The dashed line shows that FncB won’t be executed rather the control will be passed on to FncC and FncC can decide what to do. That’s how most AVs work these days to detect malicious things during runtime.

Now that we know what we can do with user-mode hooking.
Let’s write a hook for it, our function should have the same parameters and it’s types. Let’s name our function as hk_CreateIpForwardEntry.

Our function hk_CreateIpForwardEntry will have a simple mechanism, we will monitor for calls containing specific dwForwardDest and dwForwardMask, which are Network Destination and Netmask respectively(see route table above) and if the request to create a route entry contains those we will simply return NO_ERROR and the VPN service will think that the route is added to the table.
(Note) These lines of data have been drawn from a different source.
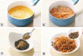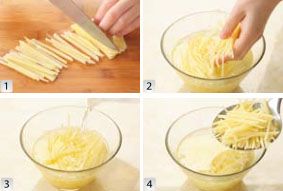 切好的土豆丝放入清水中浸泡片刻,然后冲淋漂洗 2~3 遍,沥干水分备用。注意一定要充分沥干,否则一会炸制的时候会油星四溅。
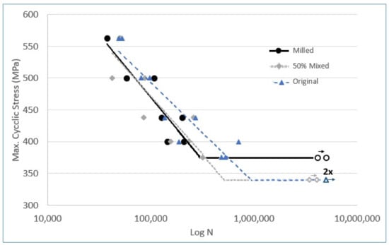 S-N curves of the coating produced from HEM-milled, original, and 50% mixed spray powder. The open dots represent specimens that did not fracture during the fatigue test.
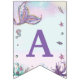 Complete your party with this whimsical mermaid flag banner decoration. Featuring a pretty mermaid and cute ocean creatures. Personalise it easily with a name and occasion or with any special message! Great for baby shower, birthday party, Christening / Baptism, New Baby and more! Simply change the letters to spell out your desired wording. You may need to purchase more than 1 set of bunting if your wording is very long.
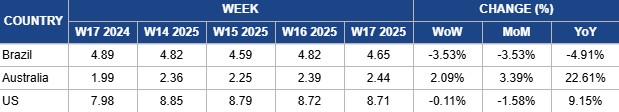 In W17, Brazil’s wholesale boneless rear beef price fell by 3.53% week-on-week (WoW) to USD 4.65 per kilogram (kg), reflecting a 3.53% month-on-month (MoM) drop and a 4.91% YoY decline. The price reduction is largely attributed to weaker demand following the Easter holidays. According to Safras and Mercado, the physical beef cattle market showed minimal trading activity, with many processing industries stepping back from purchases. Safras and Mercado expect further price declines, citing improved slaughter scale conditions and anticipating a notable increase in the supply of finished cattle from mid-May-25, aligning with the peak of the beef harvest season. While wholesale prices remain relatively firm, the overall market is expected to see limited upward adjustments throughout the rest of the month due to the sluggish pace of meat sales. However, the first half of May-25 may experience a temporary boost in demand, driven by Mother’s Day celebrations.
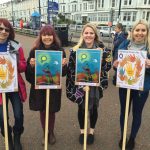 On Saturday 11th March, we celebrated International Women’s Day with a Walk along the Promenade In Lldndudno. We had a great time, We assembled at the Imperial Hotel for coffee and sorting out the placards. The weather was kind and we were able to collect lots of signatures for our petitions. 45 people signed the petition for Handicap International against cluster bombs. 81 signed to Por;ple teardrop campaign petition against Human Trafficking. The mayor of Llandudno, Carol Marubbi, joined us, as well as other local councillors, a policeman and even some birds of prey!
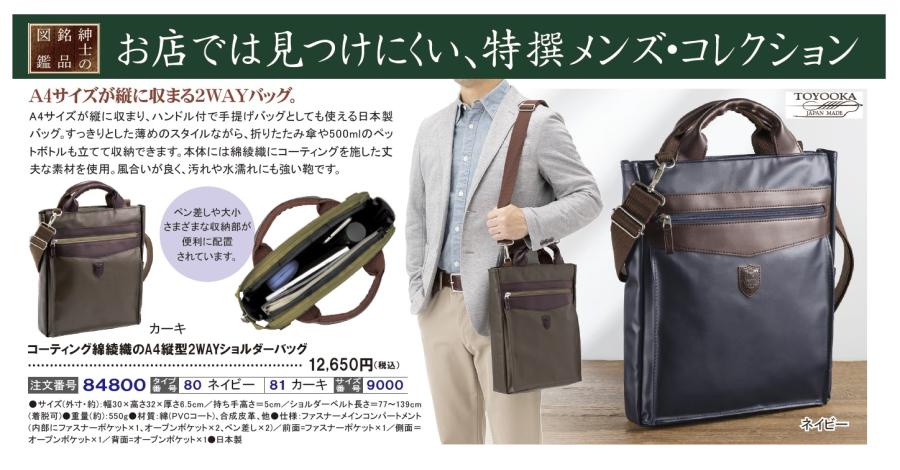 コーティング綿綾織のA4縦型2WAYショルダーバッグ
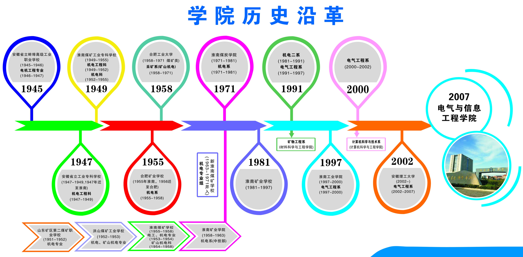 色情卡通 源于1972年成立的淮南煤炭学院的机电系,办学历史可追溯至1945年成立的省立蚌埠高级工业职业学校的电机工程专业(1955年学校由淮南煤矿工业专科学校升格为合肥矿业学院,1958年更名为合肥工业大学,1971年与煤矿有关的学科专业等整建制迁回淮南,与淮南煤矿学校合并组建淮南煤炭学院,到2002年学校更名为色情卡通 )。1981年从机电系分离出来成为机电二系,到1991年更名为淮南矿业学院电气工程系,同时把选矿专业分离出去成立了材料工程系(材料科学与工程学院),2000年把计算机科学与技术专业分离出去,成立了计算机科学工程系(计算机科学与工程学院),2007年8月更名为色情卡通 。
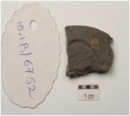 | Description / विवरण | Fragment of a terracotta coin mould, three individual circular coin mould visible on both surface with negative impression. |
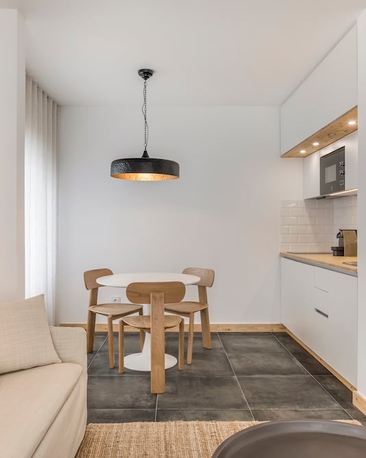 - Open keuken met eettafel voor 3 personen. De keuken is uitgerust met: Nespresso machine, waterkoker, koelkast, vriezer, vaatwasser, magnetron, inductie kookplaat, broodrooster en verdere kookbenodigdheden.
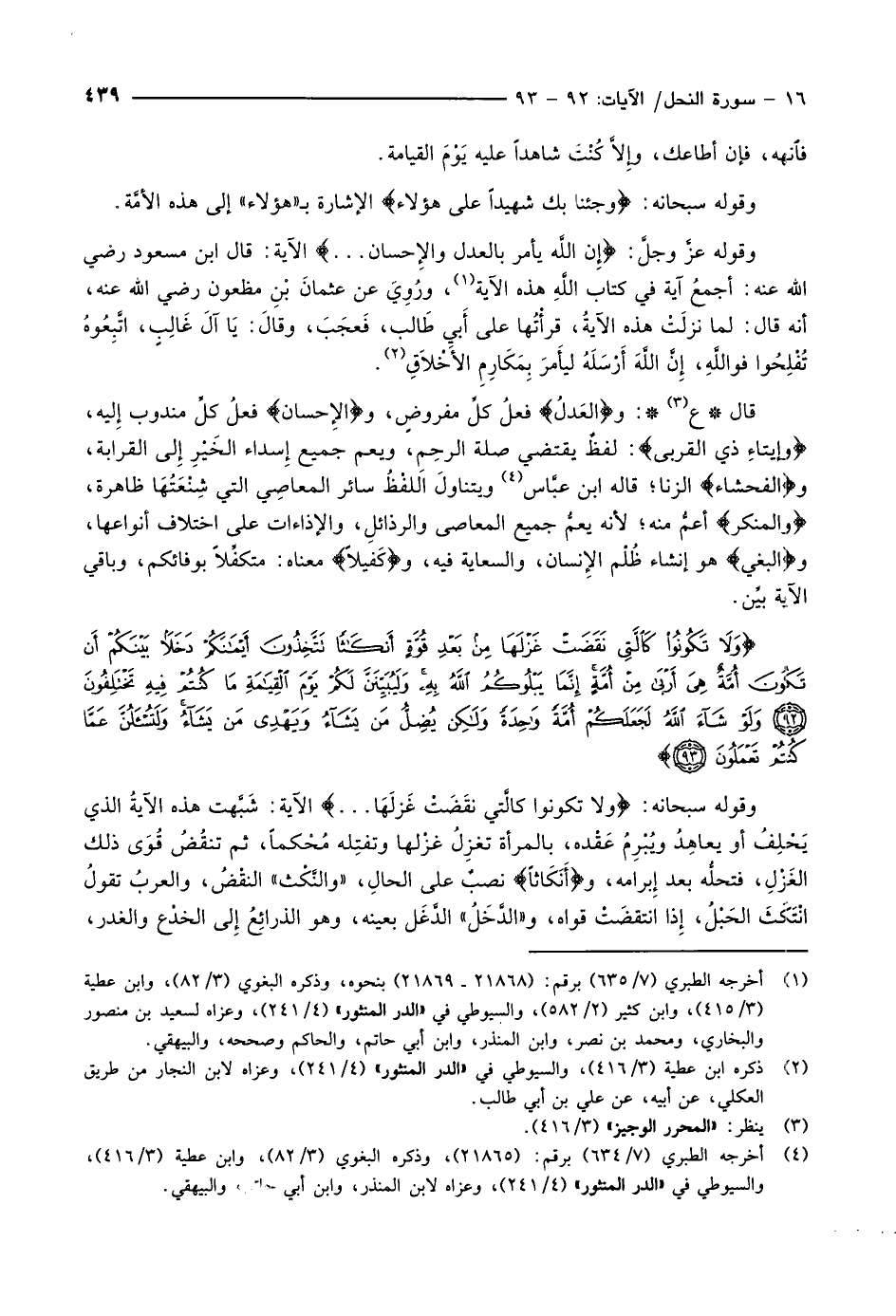 قال ع «3» : والعدل فعل كلّ مفروض، والْإِحْسانِ فعل كلّ مندوب إليه، وَإِيتاءِ ذِي الْقُرْبى: لفظُ يقتضي صلة الرحِمِ، ويعم جميع إسداء الخير إلى القرابة، والْفَحْشاءِ الزنا قاله ابن عبَّاس «4» ويتناولَ اللفْظُ سائر المعاصِي التي شِنْعَتُهَا ظاهرة، وَالْمُنْكَرِ أعمُّ منه لأنه يعمُّ جميع المعاصى والرذائلِ، والإذاءات على اختلاف أنواعها، والْبَغْيِ هو إنشاء ظُلْم الإِنسان، والسعاية فيه، وكَفِيلًا معناه: متكفّلا بوفائكم، وباقي الآية بيّن.
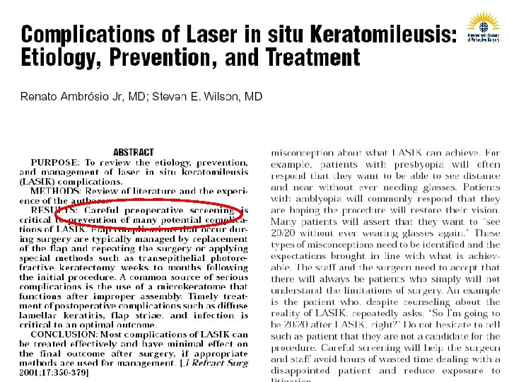 Goals of the Preop exam in refractive surgery Screening refractive candidates n Patient education n Surgical Planning n R. Ambrósio Jr, M. D.
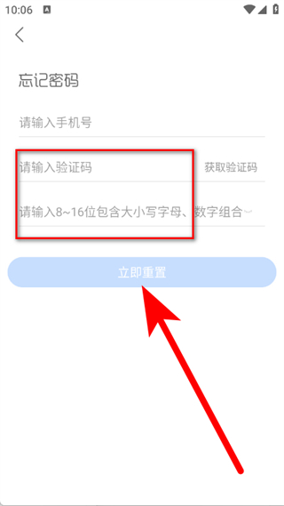 4、输入验证码,设置新密码,点击立即重置,完成密码重置。

We know that our VPN will try to create an entry with dwForwardDest set to 192.168.2.0 and dwForwardMask set to 255.255.255.0. We need to convert them to DWORDs with little-endian ordering;
192.168.2.0 -> 174272
255.255.255.0 -> 16777215

We will use OutputDebugString to output logs from our hk_CreateIpForwardEntry and use DbgView to view them.

After changing some memory bytes of the running VPN Service (heh), we see the output from our own bytes:
Hooked CreateIpForwardEntry @FUNC_ADDRESS
But the entry is already present in the route table so the VPN service won’t try to create it again, so let’s delete it to trigger the process :D

And, now we got a reliable way to access devices on our LAN :D.
Source code is not going to be provided for obvious reasons.